TO DO: For each entry, repeat the text exactly and omit any picture it holds.

········

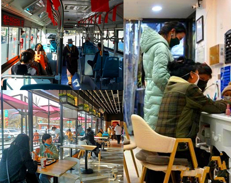隨著西藏自治區(qū)連續(xù)50多天無新冠肺炎新增確診或疑似病例。近日,日喀則市發(fā)文明確,取消居家隔離、集中隔離,同時(shí),各餐飲企業(yè)和個(gè)體餐飲門店恢復(fù)堂食,經(jīng)濟(jì)社會(huì)逐步趨于正常。圖為市民生活如常,戴口罩坐公交、在餐飲店堂食、在美甲店美甲 圖片來源:中國新聞網(wǎng)
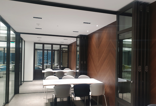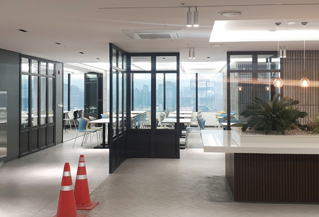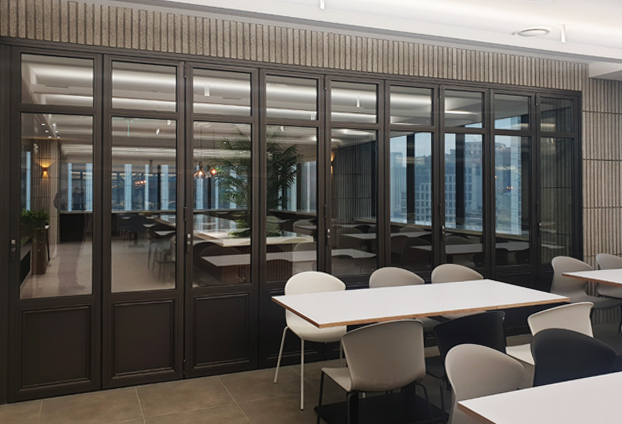 이번 구내식당 시공현장에는 폴딩도어 뿐만 아니라 픽스도어도 설치가 되었습니다. 공간 확장과 분리이 가능한 폴딩도어 54장과 공간 분리가 가능한 픽스창 22장으로 총 76장이 시공 되었습니다.
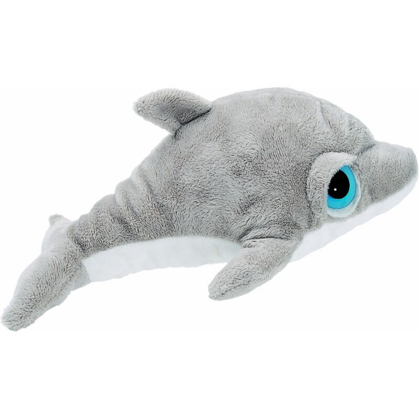 Wszyscy wiedzą, że delfiny to jedne z najinteligentniejszych zwierząt na Ziemi, ale pewnie mało kto wie, że delfiny śpią, unosząc się pod powierzchnią wody, z jedym okiem otwartym. Nasz pluszowy delfin wypełniony groszkiem, obydwa ma otwarte, a swoim spojrzeniem rozczuli nawet rekina
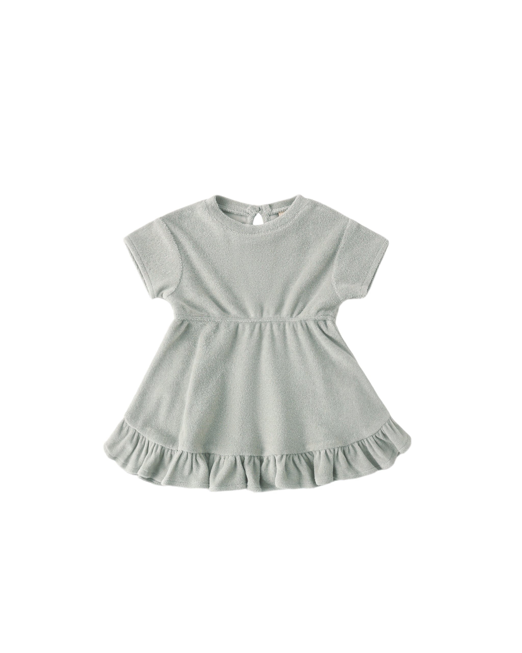 This sweet dress made of our terry cloth fabric features ruffle trim, an elasticized waist, and a button keyhole closure for the perfect fit. Coordinating bloomers included with all sizes.
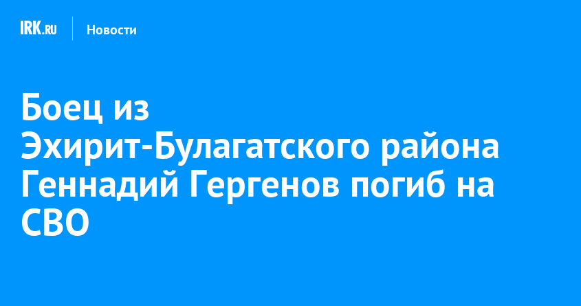 Военнослужащий из Эхирит-Булагатского района Геннадий Гергенов погиб в ходе проведения специальной военной операции. Ему был 41 год, сообщил в телеграм-канале мэр МО Геннадий Осодоев.
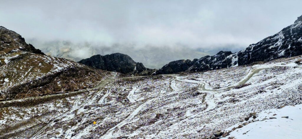 Chacaltaya Peak is about a two-hour drive from La Paz. Our vehicle took us along a winding, unpaved mountain road toward the peak.
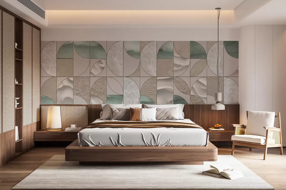 Fotomurales Un patrón geométrico de texturas verdes, beige y blancas dispuestas en un diseño abstracto repetitivo Nr. w07928
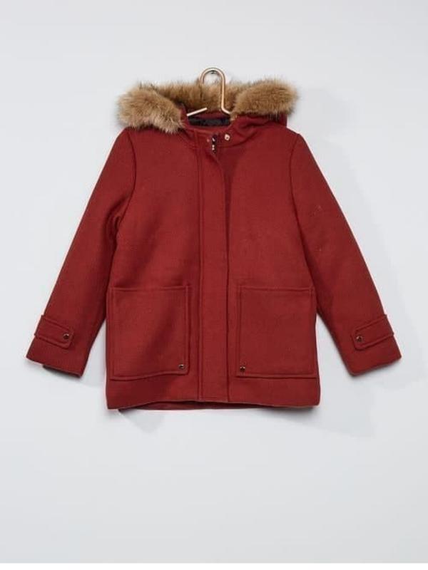 Куртка/жакет з капішоном, у складі 20% шерсть, зашпиляється на замок, є планка на кнопочки, спереду дві кишені, капішон з хутром ✔вік 10 років, зріст 138-143 см Півобхват грудей 43см, від пахв і до низу 37см, довжина від плеча і до низу 58см, довжина рукава 50 см, довжина посередині по спині 58 см, плечі 34см 💬осінь/весна 🏷kiabi
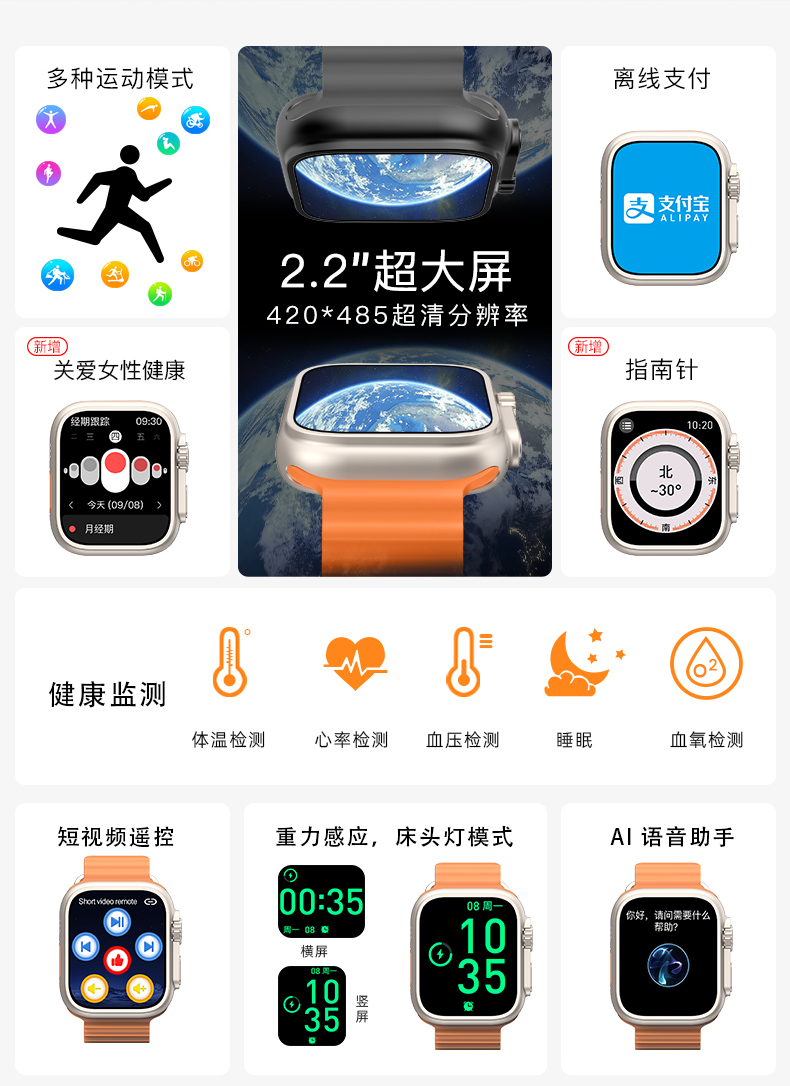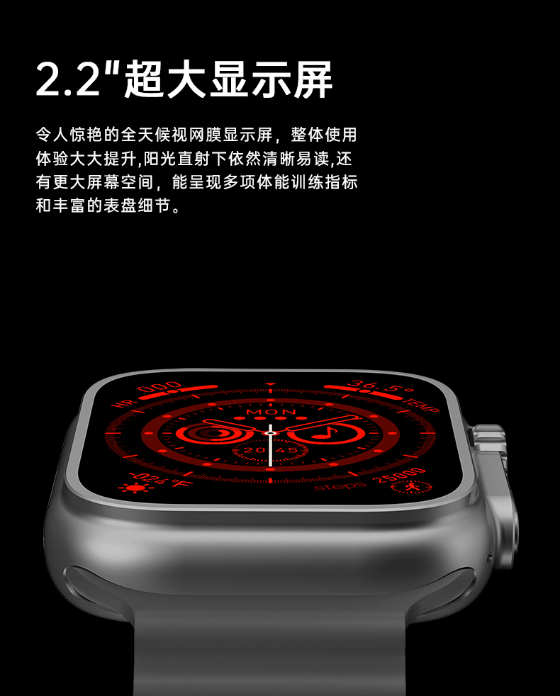 GS Ultra8+智能手表 2.2英寸高清ID全面屏 各种内容一目了然
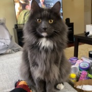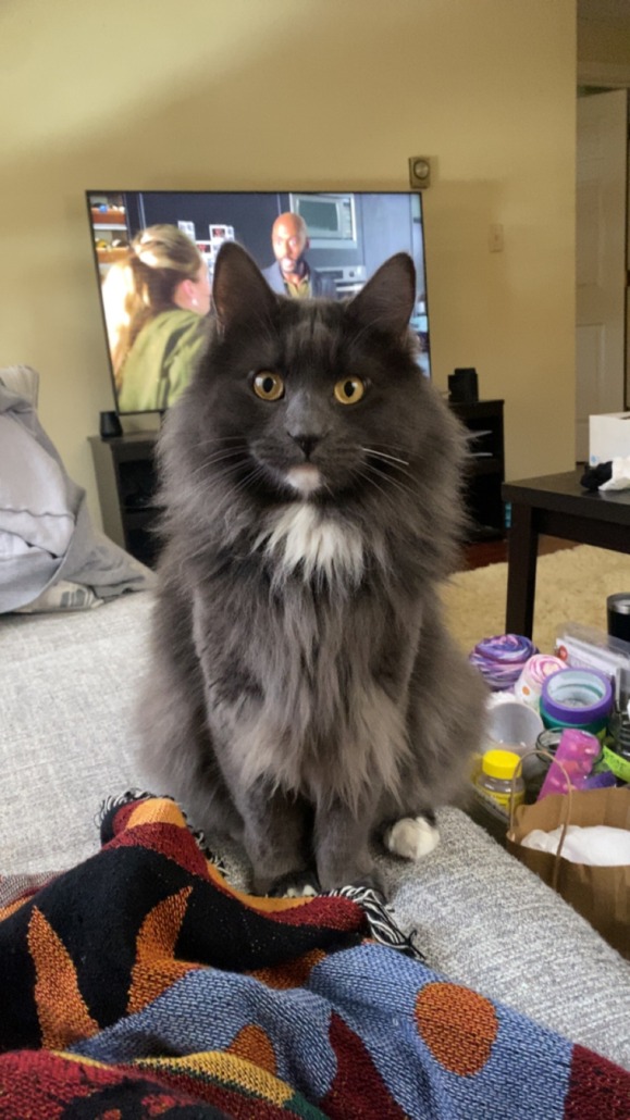 Long haired dark grey cat with white patches on his chin, chest and paws
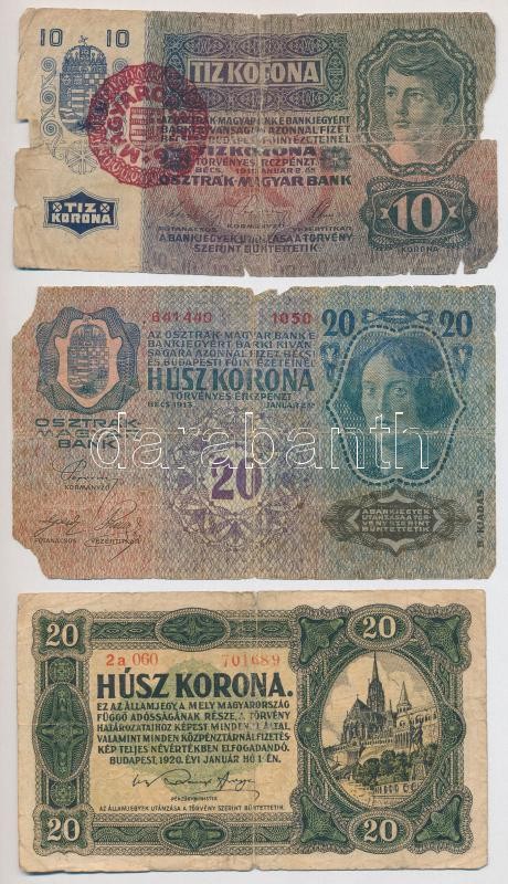 Leírás: 1913-1920. 8db-os vegyes magyar korona bankjegy tétel T:III-IV
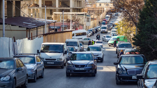 В Баку водитель Prius, желая объехать пробку, грубо нарушил ПДД
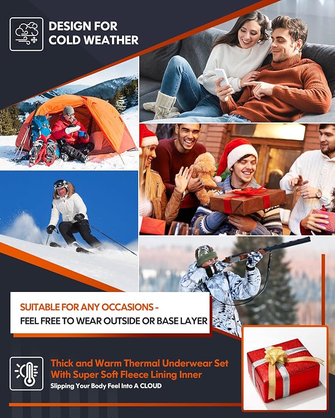 • Best Gift Choice: We stock these heavyweight thermals for men in a wide range of sizes. If your family enjoys hunting;camping;snowboarding;skiing;cycling or running then it will be a great choice. A wonderful Gift for mens Christmas Birthday
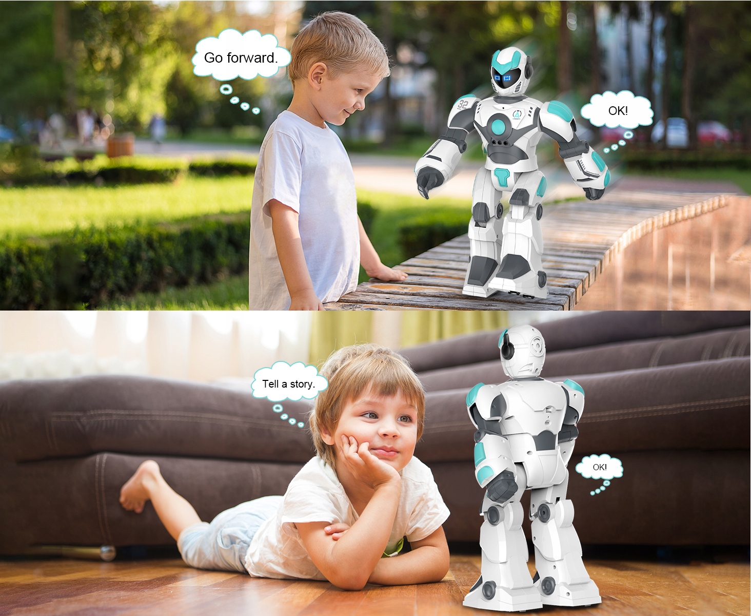 - ☀️Этот робот не только имеет функцию управления голосом и жестами, но также оснащен пультом дистанционного управления, который позволяет выполнять больше операций.
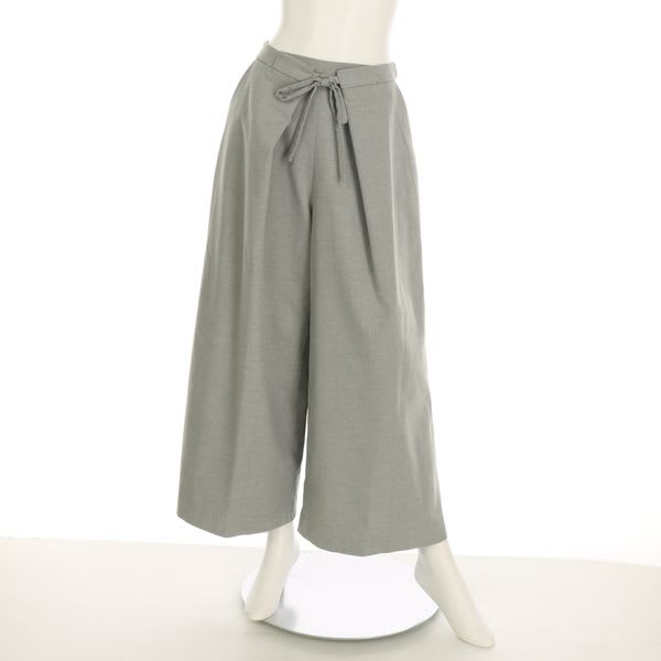 デザイン性のあるフロントリボンのパンツ。Vネックカットソーを合わせてクールな印象のスタイルに、ゆったりニットを合わせてリラックススタイルもいいですね♪
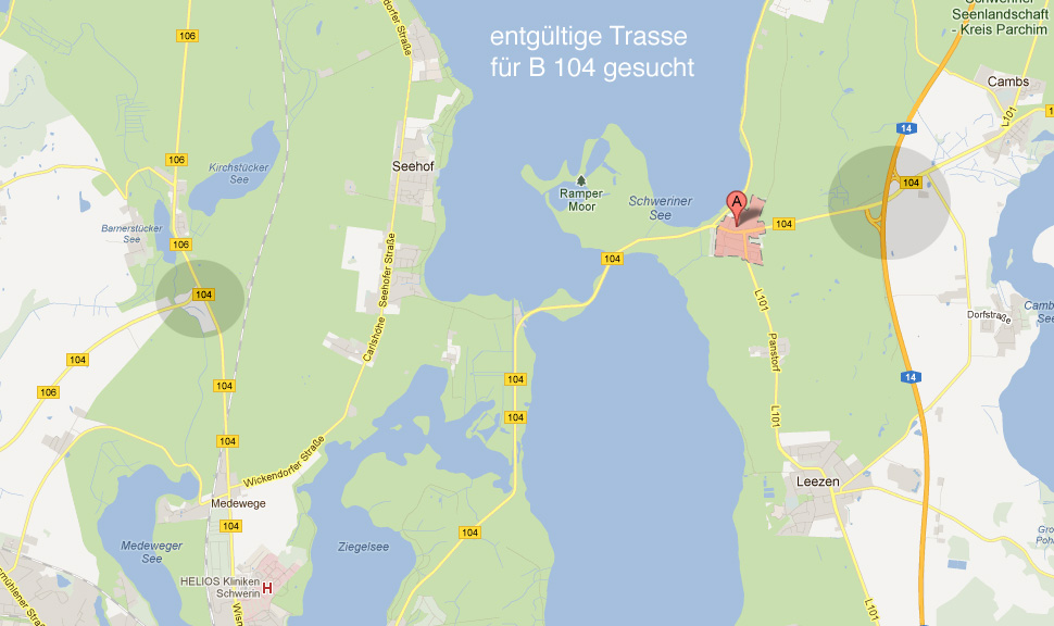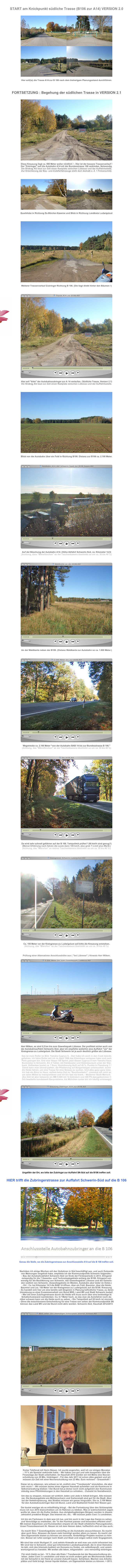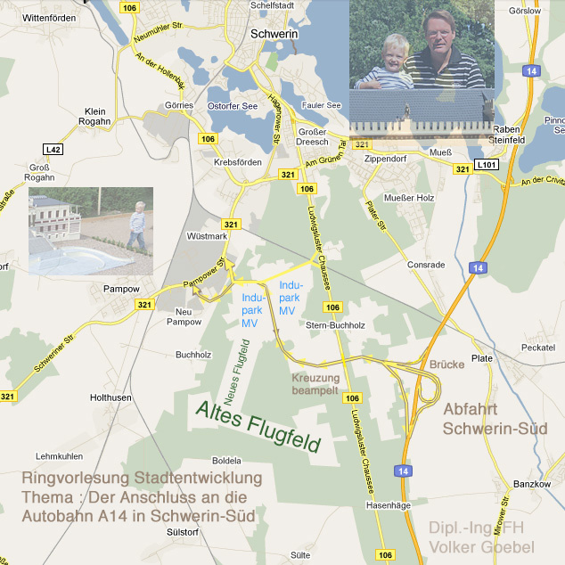 P.S.: Nachdem man uns den 4 spurigen Ausbau der B 321 zur Autobahn in Raben Steinfeld (Abf. Schwerin-Ost) gestrichen hat, sehe ich die Ausfahrt "Schwerin-Süd" vorn. - Das war ja sowieso immer schon die richtige Bau-Prioritätenabfolge. Erst die Auffahrt "Schwerin-Süd" dann den Ausbau der B 321 zur Anschlussstelle Schwerin-Ost. - Andersherum würden wir über ein Jahr einen Verkehrskollaps auf dem Weg zur Autobahn erleiden und viele Pendler dauerhaft verärgern. (Nachtrag vom 03. Jan. 2012 / Ing. Goebel)

········

PROBLEM SOLUTION:
隨著西藏自治區(qū)連續(xù)50多天無新冠肺炎新增確診或疑似病例。近日,日喀則市發(fā)文明確,取消居家隔離、集中隔離,同時(shí),各餐飲企業(yè)和個(gè)體餐飲門店恢復(fù)堂食,經(jīng)濟(jì)社會(huì)逐步趨于正常。圖為市民生活如常,戴口罩坐公交、在餐飲店堂食、在美甲店美甲 圖片來源:中國新聞網(wǎng)
 이번 구내식당 시공현장에는 폴딩도어 뿐만 아니라 픽스도어도 설치가 되었습니다. 공간 확장과 분리이 가능한 폴딩도어 54장과 공간 분리가 가능한 픽스창 22장으로 총 76장이 시공 되었습니다.
 Wszyscy wiedzą, że delfiny to jedne z najinteligentniejszych zwierząt na Ziemi, ale pewnie mało kto wie, że delfiny śpią, unosząc się pod powierzchnią wody, z jedym okiem otwartym. Nasz pluszowy delfin wypełniony groszkiem, obydwa ma otwarte, a swoim spojrzeniem rozczuli nawet rekina
 This sweet dress made of our terry cloth fabric features ruffle trim, an elasticized waist, and a button keyhole closure for the perfect fit. Coordinating bloomers included with all sizes.
 Военнослужащий из Эхирит-Булагатского района Геннадий Гергенов погиб в ходе проведения специальной военной операции. Ему был 41 год, сообщил в телеграм-канале мэр МО Геннадий Осодоев.
 Chacaltaya Peak is about a two-hour drive from La Paz. Our vehicle took us along a winding, unpaved mountain road toward the peak.
 Fotomurales Un patrón geométrico de texturas verdes, beige y blancas dispuestas en un diseño abstracto repetitivo Nr. w07928
 Куртка/жакет з капішоном, у складі 20% шерсть, зашпиляється на замок, є планка на кнопочки, спереду дві кишені, капішон з хутром ✔вік 10 років, зріст 138-143 см Півобхват грудей 43см, від пахв і до низу 37см, довжина від плеча і до низу 58см, довжина рукава 50 см, довжина посередині по спині 58 см, плечі 34см 💬осінь/весна 🏷kiabi
 GS Ultra8+智能手表 2.2英寸高清ID全面屏 各种内容一目了然
 Long haired dark grey cat with white patches on his chin, chest and paws
 Leírás: 1913-1920. 8db-os vegyes magyar korona bankjegy tétel T:III-IV
 В Баку водитель Prius, желая объехать пробку, грубо нарушил ПДД
 • Best Gift Choice: We stock these heavyweight thermals for men in a wide range of sizes. If your family enjoys hunting;camping;snowboarding;skiing;cycling or running then it will be a great choice. A wonderful Gift for mens Christmas Birthday
 - ☀️Этот робот не только имеет функцию управления голосом и жестами, но также оснащен пультом дистанционного управления, который позволяет выполнять больше операций.
 デザイン性のあるフロントリボンのパンツ。Vネックカットソーを合わせてクールな印象のスタイルに、ゆったりニットを合わせてリラックススタイルもいいですね♪
 P.S.: Nachdem man uns den 4 spurigen Ausbau der B 321 zur Autobahn in Raben Steinfeld (Abf. Schwerin-Ost) gestrichen hat, sehe ich die Ausfahrt "Schwerin-Süd" vorn. - Das war ja sowieso immer schon die richtige Bau-Prioritätenabfolge. Erst die Auffahrt "Schwerin-Süd" dann den Ausbau der B 321 zur Anschlussstelle Schwerin-Ost. - Andersherum würden wir über ein Jahr einen Verkehrskollaps auf dem Weg zur Autobahn erleiden und viele Pendler dauerhaft verärgern. (Nachtrag vom 03. Jan. 2012 / Ing. Goebel)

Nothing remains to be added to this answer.